* YOUR ASSIGNMENT
Please copy the data below exactly; none of the pictures in it belong in the copy.

* RECORDED DATA
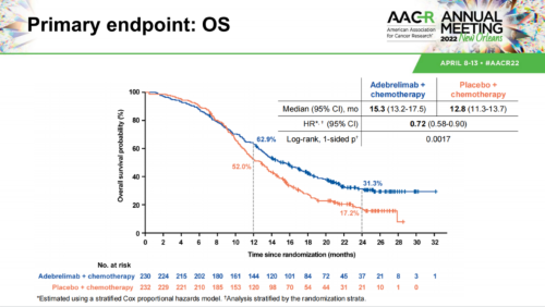 本次大会上口头报告的研究结果显示,中位随访时间13.5个月,阿得贝利单抗联合化疗组和安慰剂联合化疗组中位OS分别为15.3个月和12.8个月。1年OS率为62.9%vs52.0%,2年OS率为31.3%vs17.2%。独立评审委员会(IRC)评估的无进展生存期(PFS)为5.8个月vs5.6个月,6个月PFS率分别为49.4%和37.3%,12个月PFS率分别为19.7%和5.9%,ORR分别为70.4%和65.9%,DoR分别为5.6个月和4.6个月,目前显示获益趋势[8]。
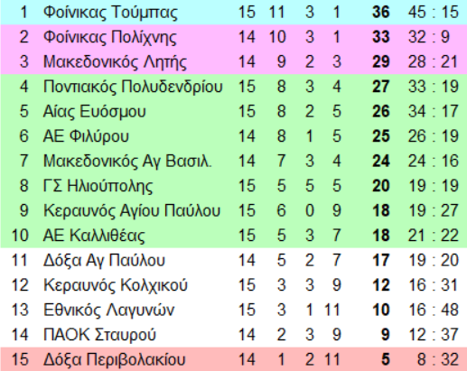αγωνιστική: Ποντιακός Πολυδενδρίου-Φοίνικας Πολίχνης, Κεραυνός Αγίου Παύλου-Φοίνικας Τούμπας, Μακεδονικός Λητής-Εθνικός Λαγυνών, ΓΣ Ηλιούπολης-ΑΕ Καλλιθέας Συκεών, Μακεδονικός Αγ Βασιλείου-Αίας Ευόσμου, ΠΑΟΚ Σταυρού-Δόξα Αγ Παύλου, Κεραυνός Κολχικού-ΑΕ Φιλύρου
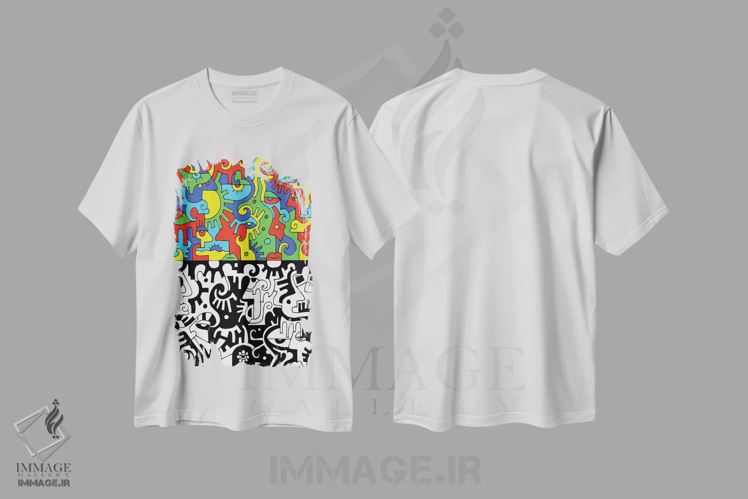 تیشرت سفید طرح دار رنگ به سیاهی اثر بیلی آرتیست | immage.ir
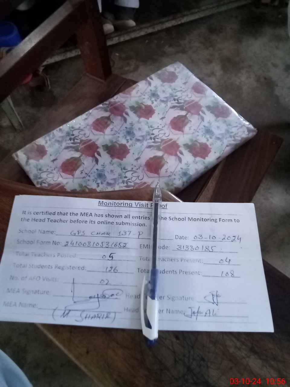 | Attendance Register | Head Teacher | MEA with School | Visit Proof |

* ANSWER BELOW
 本次大会上口头报告的研究结果显示,中位随访时间13.5个月,阿得贝利单抗联合化疗组和安慰剂联合化疗组中位OS分别为15.3个月和12.8个月。1年OS率为62.9%vs52.0%,2年OS率为31.3%vs17.2%。独立评审委员会(IRC)评估的无进展生存期(PFS)为5.8个月vs5.6个月,6个月PFS率分别为49.4%和37.3%,12个月PFS率分别为19.7%和5.9%,ORR分别为70.4%和65.9%,DoR分别为5.6个月和4.6个月,目前显示获益趋势[8]。
αγωνιστική: Ποντιακός Πολυδενδρίου-Φοίνικας Πολίχνης, Κεραυνός Αγίου Παύλου-Φοίνικας Τούμπας, Μακεδονικός Λητής-Εθνικός Λαγυνών, ΓΣ Ηλιούπολης-ΑΕ Καλλιθέας Συκεών, Μακεδονικός Αγ Βασιλείου-Αίας Ευόσμου, ΠΑΟΚ Σταυρού-Δόξα Αγ Παύλου, Κεραυνός Κολχικού-ΑΕ Φιλύρου
 تیشرت سفید طرح دار رنگ به سیاهی اثر بیلی آرتیست | immage.ir
 | Attendance Register | Head Teacher | MEA with School | Visit Proof |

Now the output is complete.